Invader Zim is an American comic book series created by Jhonen Vasquez and published by Oni Press. It serves as an continuation to the animated television series of the same name that originally aired on Nickelodeon.

In February 2015, Oni Press announced that a comic book series based on the show, in collaboration with Jhonen Vasquez and Nickelodeon, was being released as the continuation of the series. Vasquez said about the show: "I'm always confused when people say how much they miss Invader Zim because the show never stopped running in my head, and then I remember everyone else isn't in my head". A pre-issue #0 was released on May 23, 2015 as a zine and foreshadow to the comic book series. The first issue was released on July 8, 2015, launching a monthly run that continued until issue #50.

On February 11, 2020, it was announced that the monthly Invader Zim comic would end with issue #50, released in March 2020, and a new comic series titled Invader Zim Quarterly would begin April 2020, releasing on a quarterly schedule.
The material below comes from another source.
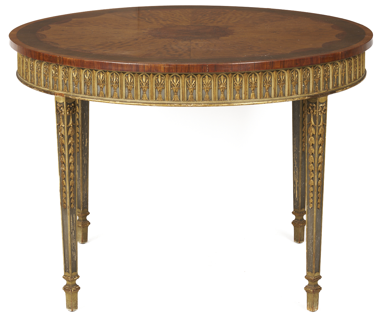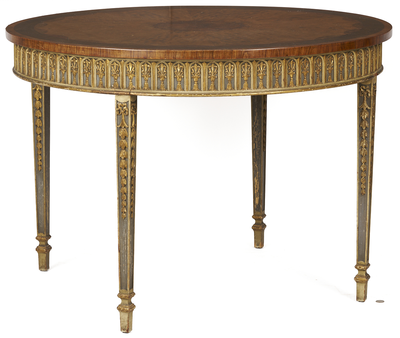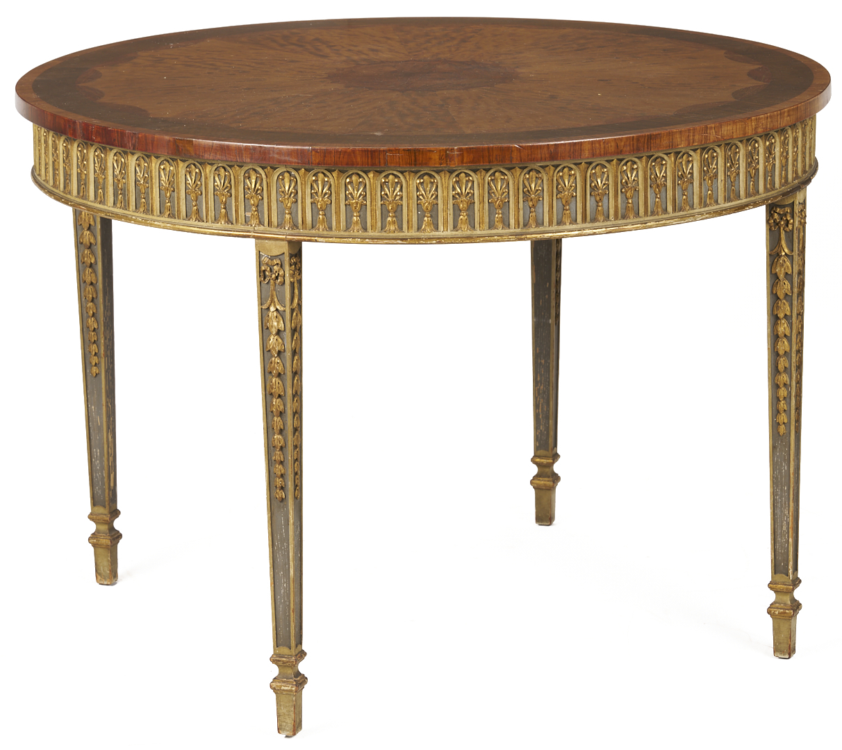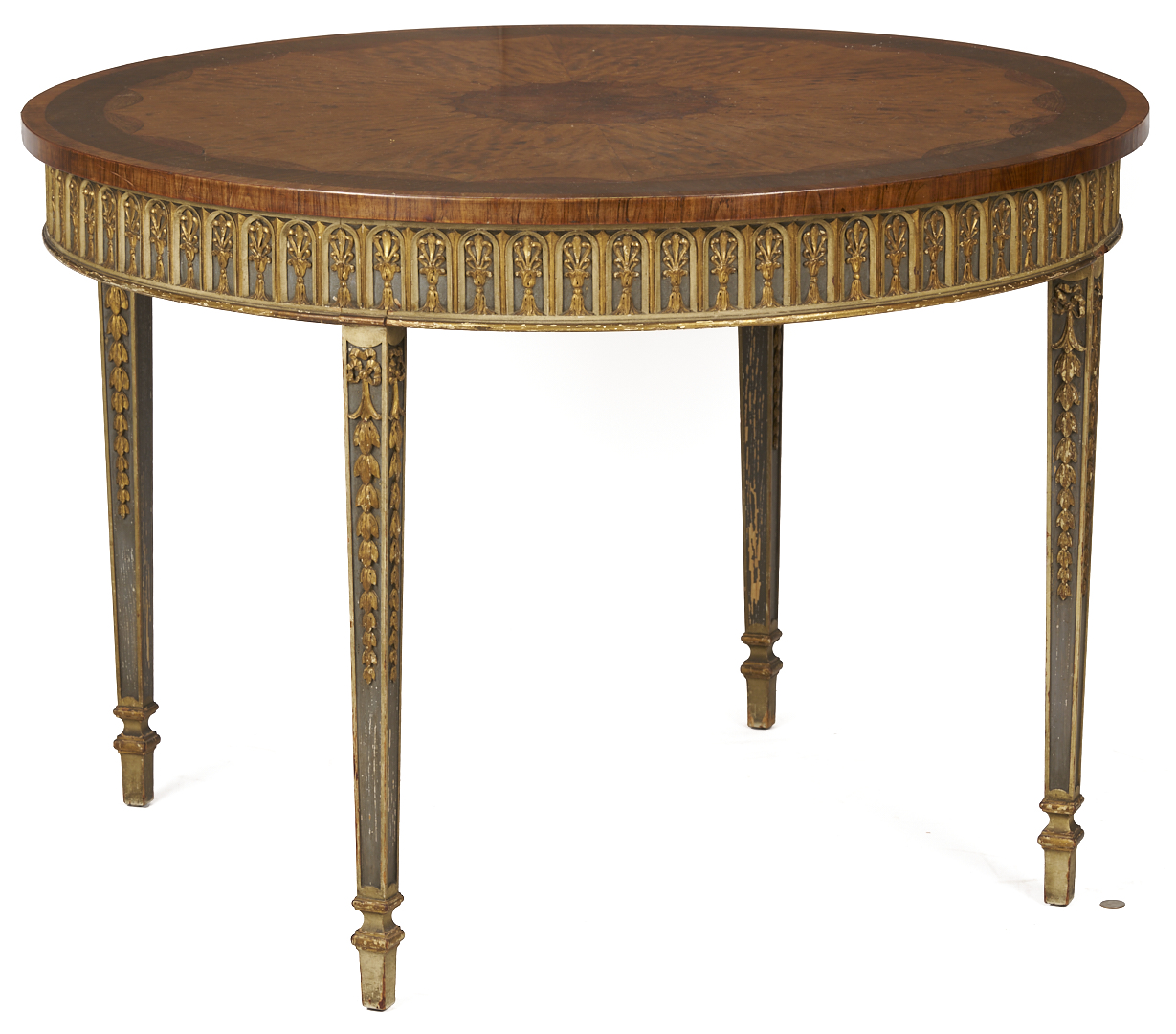 An Italian Neoclassical style center or small dining table, featuring a circular inlaid top, painted skirt with carved stylized leaf and arch overlay, on four square tapering legs with carved bellflowers and square gilt feet. 29 1/2 in. H x 42 1/4 in. dia. Early to mid 20th C.

However, due to comic publishers halting the release of new issues during the COVID-19 pandemic, this was postponed until June 2020. In April 2021, it was announced that the comic series would end with a special one-shot releasing in August 2021.

Additionally, in July 2020, Oni Press launched a new "Best of..." trade paperback collections, which collect a selection of stories from Oni Press's monthly Invader Zim comic series.

Issues

Monthly

Quarterly

Collected editions

Trade paperbacks

Deluxe hardcovers

Reception
Matt Little from Comic Book Resources said, "Invader Zim #1 is a welcome return and an accessible jumping on point for anyone who has heard of it or is interested to learn more. It's an all-ages affair that is entertaining for any reader, as it doesn't speak down to its audience." Marcy Cook from The Mary Sue said, "If you liked the over-the-top nonsense of the show, you're going to enjoy the comic too. The art has that loose stylised look that's very Zim, with the distinctly limited muted colour palette."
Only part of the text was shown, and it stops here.